To me, mild is the ultimate cask beer style. A descendant of the original ‘running ales’ that ousted the aged, ‘stale’ flavours of porter in popularity, it flourished as a proletarian refresher in the Victorian industrial heyday. A good mild is an excellent showcase of the brewer’s skill. Exhibiting depth of flavour and character at a gravity perfect for easy, sociable drinking, it best expresses its subtlety at cellar temperature and with the gentle carbonation of a natural secondary conditioning in an unpressurised cask.

Previous tastings of North American milds were chilled and gassy experiences leading me to conclude that brewers across the Atlantic hadn’t quite got the point of the style. But the sample of Dee’z English Mild I tasted on cask on my last visit was something else entirely.

It wasn’t just the best US cask beer I’ve sampled so far, it was one of the very best cask milds I’ve ever encountered. And as for many years my regular strategy at a British beer festival is to start by hitting as many milds I haven’t yet tried as I can find, that’s not an insignificant assessment.

The beer was a deep brown colour with a smooth fawn head. A lightly inky, toasty aroma had notes of caramel and very gentle roast. The palate was smooth, rich and very authentic, malt accented but lightly roasty with light but kind caramel, gently tangy fruit hints, an emerging slightly pursing dryness and a restrained hop bite.

Chocolate showed up in an easy malt finish that developed smooth, fudgy notes over very gentle but cheering roast and a late hint of charcoal. Overall the beer was very well integrated and moreish.

It’s brewed by Kellen Alcala, who now moonlights as a professional brewer alongside his day job in a homebrew supplies shop in Berkeley. Kellen set up Dying Vines deliberately to pursue a largely British-inspired interest in session beers, and Dee’z, named after his wife, was his first product.

He brews at brewery in Oakland, which itself focuses on relatively modest and everyday styles, producing old fashioned pre-Prohibition lager and California common beer. Oakland, just across the bay from San Francisco, was a major industrial brewing town before the passing of the 18th Amendment, and operations like Linden Street and Dying Vines are spearheading a modest revival.

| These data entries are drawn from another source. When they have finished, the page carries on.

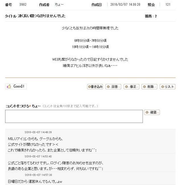 | 午前4時前に不具合が起きてました(:D)⌒┐ペコッ |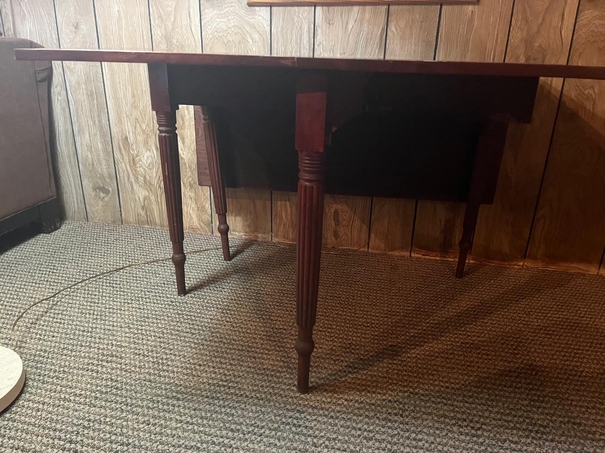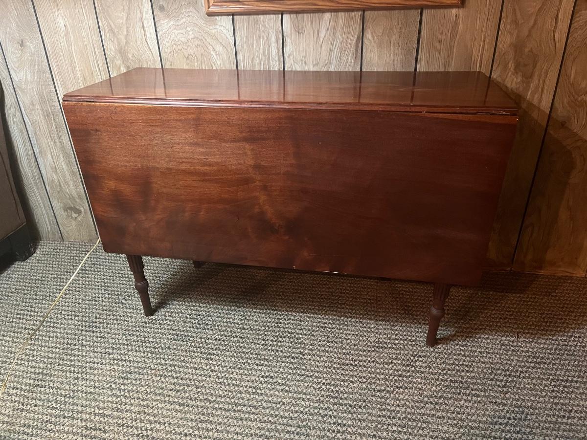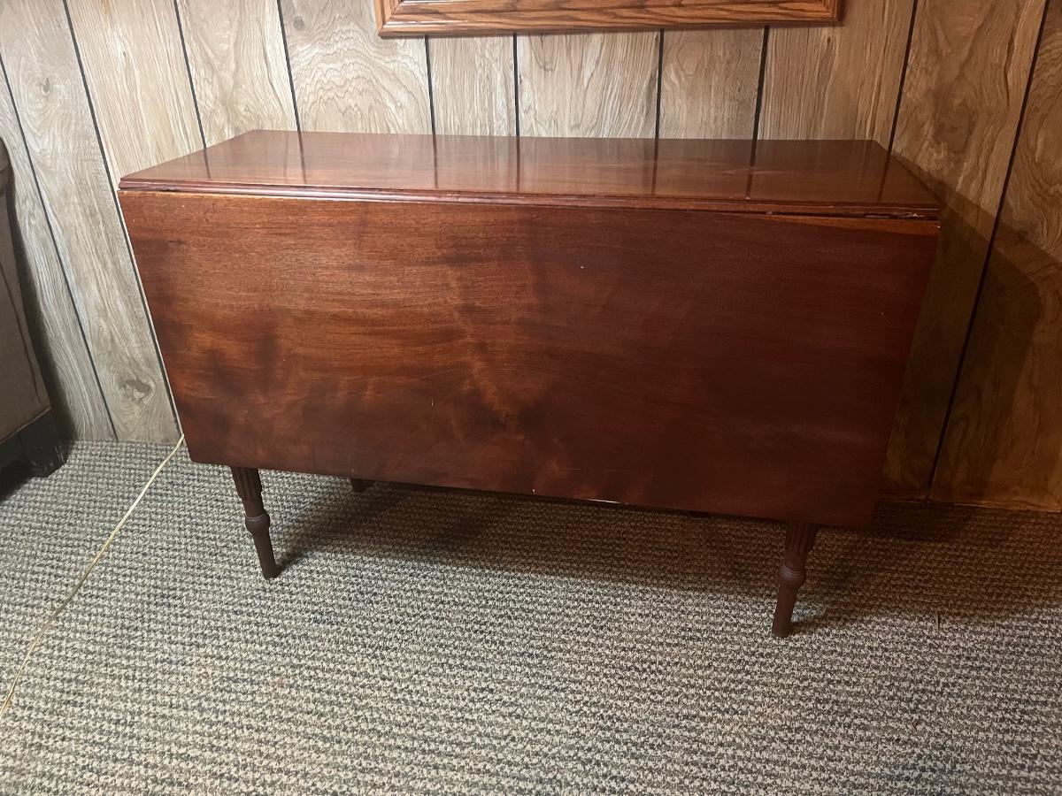 41"x17"x29" with sides down, 41"x17"x50" with sides up. Table is in the basement of the home, winnig bidder is responsible for moving. Please see all pictures as they are the best representation of the items. The pictures show condition, measurements if taken, and what is included in the lot. Due to the large amount that we photograph and the time frame, we are not always able to take measurements. All items unless noted, are pre-owned and have been used. If you purchased furniture, you must bring help. We do not allow one person to carry large furniture out on their own. Bring help, tools and a truck for the safety of our client’s homes, and your personal safety. Any damages that result to the property including walls, and floors due to moving of the furniture will be charged to the buyer. Company policy. Thank you.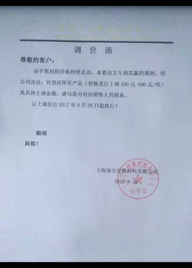 上海保立佳新材料有限公司:8月20日起,供應的所有產品上調300-500元/噸!

The Abbot’s Cellar in San Francisco’s Mission District, where I tried Dee’z, is an upmarket restaurant that must be one of the poshest beer destinations in the Bay Area, so there was a certain irony in enjoying a mild in such well heeled surroundings. Quite what language the $8 (£5.30, €6,25) a (small American 160z/473ml) pint price tag would have provoked from a Black Country factory worker I can but guess – though the condition was immaculate.